Kurzfassung auf Deutsch: Die Klasse der Transmembranproteine übernimmt eine Reihe wesentlicher Funktionen innerhalb der Zelle. Daher eignen sich viele dieser Proteine als Ziele für medizinische Wirkstoffe und sind daher von außerordentlichem Interesse für die Pharmaindustrie. Trotz ihrer Wichtigkeit wurden bislang nur wenige drei-dimensionale Strukturen von Membranproteinen erfasst, denn deren experimentelle Bestimmung hat sich als ausgesprochen schwierig herausgestellt. Aus diesem Grund erweist sich die Entwicklung von in silico Methoden zur de novo Vorhersage von Struktur und Funktion dieser Proteine von als notwendige Strategie.

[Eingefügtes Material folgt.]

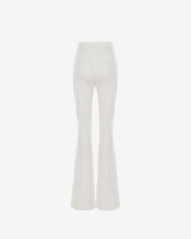 • High-waisted pants without pockets, featuring oversized, asymmetrical bows.

Die beiden wesentlichen Klassen von Transmembranproteinen unterteilt man, basierend auf ihren charakteristischen Sekundärstrukturen, in alpha-helikale Proteine und beta-Barrels. Erstere machen den größeren Anteil an experimentell bestimmten Strukturen aus, und auch die meisten bislang vorgestellten in silico Methoden konzentrieren sich auf die Modellierung solch alpha-helikaler Strukturen. In den vergangenen Jahren stieg daher das Interesse an Methoden zur Modellierung von transmembranen beta-Barrels. Die vorliegende Disseration beschäftigt sich vorrangig mit dieser Klasse von Transmembranproteinen, insbesondere präsentieren wir ein Verfahren zur Vorhersage der Exposition ("Exposure';) zur Lipidschicht einzelner Residuen innerhalb der Transmembranregion von beta-Barrels. Diese Vorhersage der Exposition stellt bislang ein neuartiges Problem im Feld der beta-Barrels dar. Die daraus gewonnenen Informationen wurden zur Analyse der strukturellen Eigenschaften von Transmembranketten verwendet. Darüber hinaus können die Exposure-Daten zur Identifikation bedeutender physikochemischer Eigenschaften verwendet werden. Unsere Untersuchungen ergaben, dass zwischen transmembranen beta-strands an Oligomer-Interfaces und dem Rest der Proteinoberfläche statistisch signifikante Unterschiede bezüglich dieser Eigenschaften auftreten. Darüber hinaus stellen wir ein Verfahren zur sequenzbasierten Vorhersage von Transmembran-Residuen mutmaßlicher beta-Barrels vor, welches in Kombination mit der Vorhersage des Exposure-Status in dieser Form neuartig ist. Die beiden in dieser Studie vorgestellten Methoden sind online als Webdienste verfügbar. Basierend auf den Exposure-Vorhersagen von beta-Faltblättern ist es möglich, in künftigen Studien mutmaßliche transmembrane beta-Barrels aus Proteomdatenzu identifizieren.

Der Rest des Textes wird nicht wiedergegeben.